À l'intérieur se trouvent un jeune conducteur et son passager. Lorsque les fonctionnaires contrôlent le véhicule, un gyrophare, visible sur le toit, attirent immédiatement leur attention.
Invité à décliner son identité, le conducteur affirme d'un ton assuré qu'il est fonctionnaire de police affecté à l'Inspection générale de la police nationale (IGPN) à Paris, la « police des polices ». Incapable de produire une carte professionnelle ou de donner son matricule, il finit par se contredire, ce qui amène les agents à diligenter des vérifications plus poussées dans leurs fichiers.
Les recherches administratives révèlent que la voiture n'est pas assurée et qu'elle est immatriculée au nom d'un garage dont l'existence n'est pas confirmée, ce qui renforce les soupçons de recel ou d'escroquerie. Le passager, lui, est défavorablement connu des services de police pour détention et usage de stupéfiants, un élément de plus qui alerte les enquêteurs sur la nature du duo.
Une fouille du véhicule est alors menée en présence du conducteur et permet de découvrir un important lot de matériels : couteau pliant, bâton télescopique, menottes, manteau et brassard marqués « Police », gilet pare-balles, gyrophare, témoin de chambre vide et plusieurs écussons de la police nationale. L'ensemble de ces équipements, facilement accessibles depuis le siège conducteur, laisse penser que le jeune homme se préparait à se faire passer pour un vrai policier lors de contrôles ou d'interventions fictives.
Les vérifications d'identité révèlent finalement que le conducteur est un élève policier adjoint, âgé de 20 ans et originaire d'Argenteuil, inscrit à l'École nationale de police de Rouen-Oissel, en Seine-Maritime. Cet établissement, qui forme notamment des policiers adjoints et des élèves gardiens de la paix, accueille chaque année plusieurs centaines de recrues issues de toute la France.

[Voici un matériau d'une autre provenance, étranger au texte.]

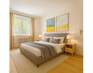 Hier können Sie Ihren Blick in den wunderschönen grünen Vorgarten genießen. Das mit Auslegeware versehene Schlafzimmer liegt am Ende der Diele und ist ca. 15,12 m² groß und bietet einige Möglichkeiten, sich optimal einzurichten. Die Küche ist mit einer Einbauküche ausgestattet und verfügt über einen Herd inkl. Backofen und einen Kühlschrank. Das Tageslichtbad mit Wanne wurde modernisiert und mit einer modernen Handtuchheizung ausgestattet. Highlight der Wohnung ist der praktische Grundriss. Letzte Renovierung 2023. Es handelt sich beim Schlafzimmer um ein maßstabsgetreues Foto, das mit KI bearbeitet wurde. So oder ähnlich könnte der Raum nach erfolgreicher Renovierung und mit neuer Ausstattung aussehen.
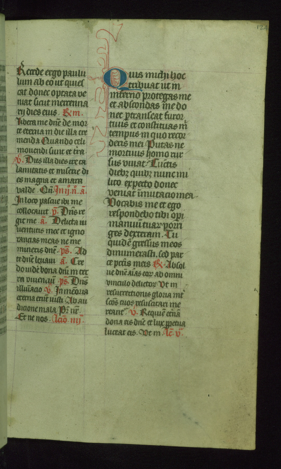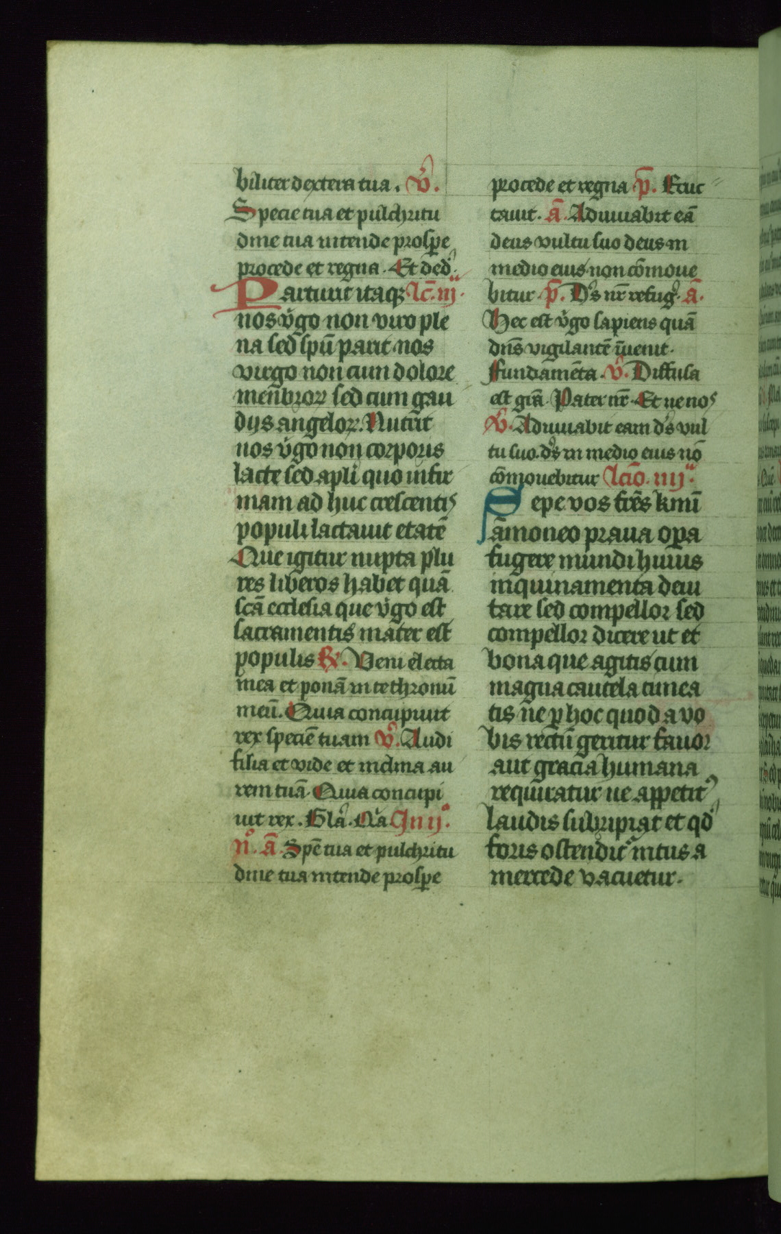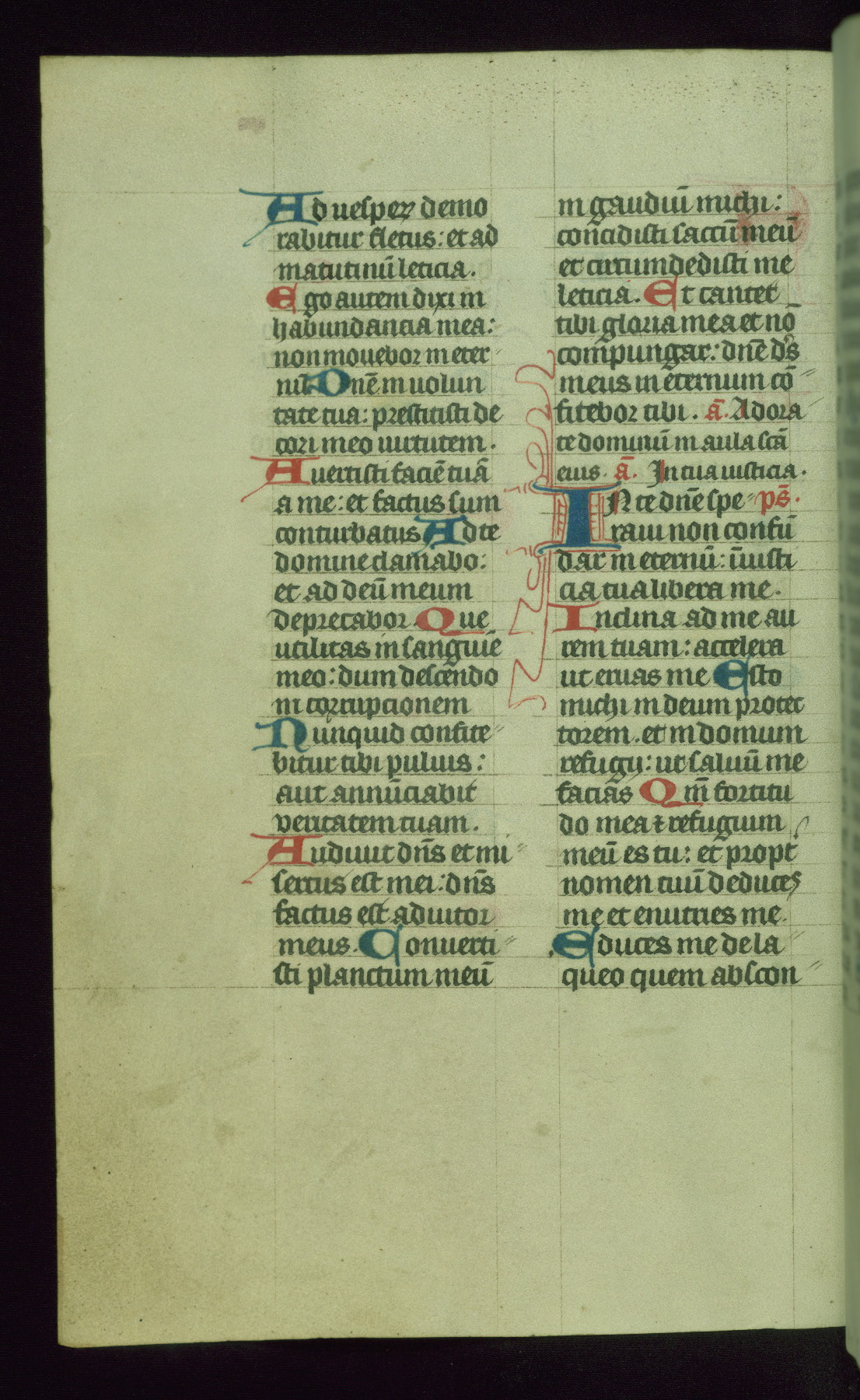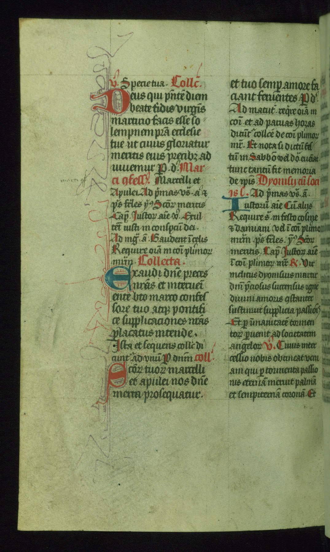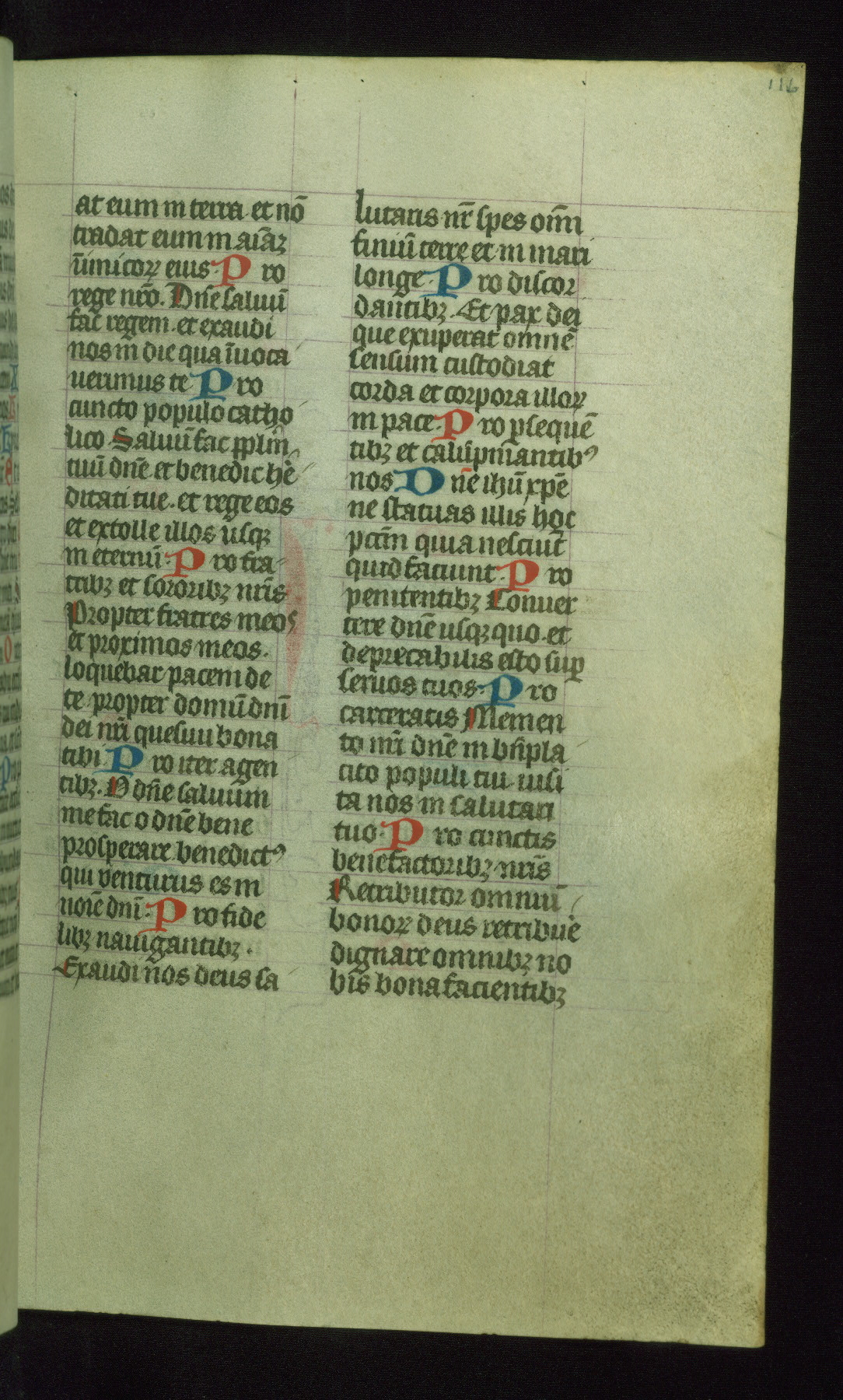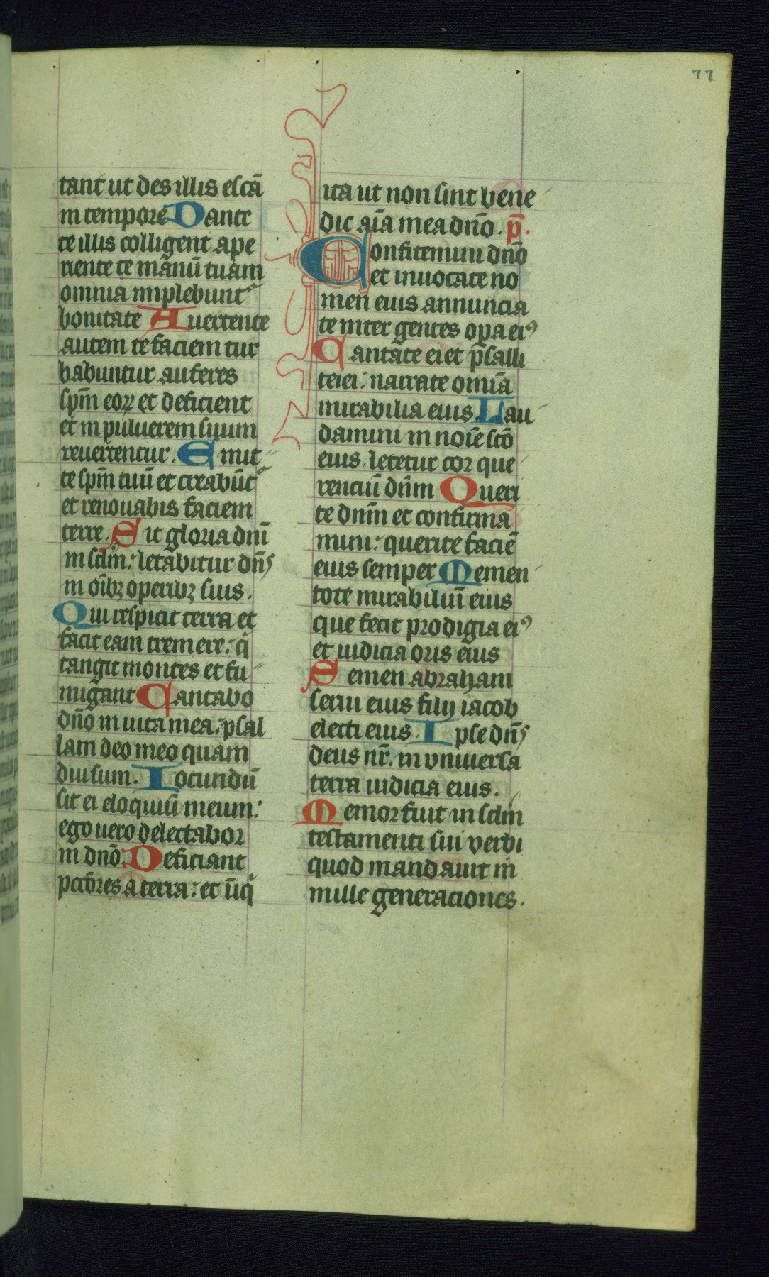 This small breviary, composed of more than 500 folios, is extraordinary for its length, considering it is the summer portion of a two-volume breviary for the use of Liège. The manuscript was completed for ecclesiastical use at the Cathedral of Notre-Dame and St.-Lambert in Liège ca. 1420. This attribution is suggested, for instance, by the petitions to the congregation of this cathedral (fols. 114v-117v), as well as the armorial shield of the family of Surlet de Chokier of Liège represented at the opening of the Psalms. The manuscript has modest, but interesting, decoration with historiated and decorated initials marking the liturgical texts, and occasional angels playing instruments in the margins. The most notable pictorial effect is found in the initials inhabited by transparent figures on rich blue ground. The technique is found, for instance, on fol. 156r with the gold monstrance held by translucent angels for the feast of the Corpus Christi.

Ce statut rend l'affaire particulièrement sensée : en formation pour intégrer la police, le jeune homme connaît les règles déontologiques et les risques encourus en usurpant la qualité de fonctionnaire de police ou en utilisant du matériel professionnel en dehors du cadre autorisé. Les enquêtes détermineront comment il s'est procuré ces effets et s'il a pu, avant son interpellation, se livrer à de faux contrôles routiers ou à d'autres agissements illégaux.
Le jeune conducteur a été placé en garde à vue au commissariat de Sartrouville pour port d'arme, recel d'escroquerie et défaut d'assurance, des infractions pénales passibles de peines de prison et d'interdictions professionnelles. Les enquêteurs procèdent à une série d'auditions et d'analyses techniques afin d'identifier d'éventuelles victimes, de retracer l'origine du véhicule et de vérifier si des signalements de faux policiers correspondant à son profil.
Son passager, pour l'heure, a été laissé libre, mais il pourrait être de nouveau entendu si des éléments le mettent en cause dans un éventuel projet de vol, de cambriolage ou d'extorsion commis sous couvert d'une fausse qualité policière. Le parquet des Yvelines doit décider dans les prochaines heures d'une éventuelle comparaison immédiate, d'une ouverture d'information judiciaire ou d'un simple rappel à la loi, en tenant compte du statut d'élève policier du mis en cause.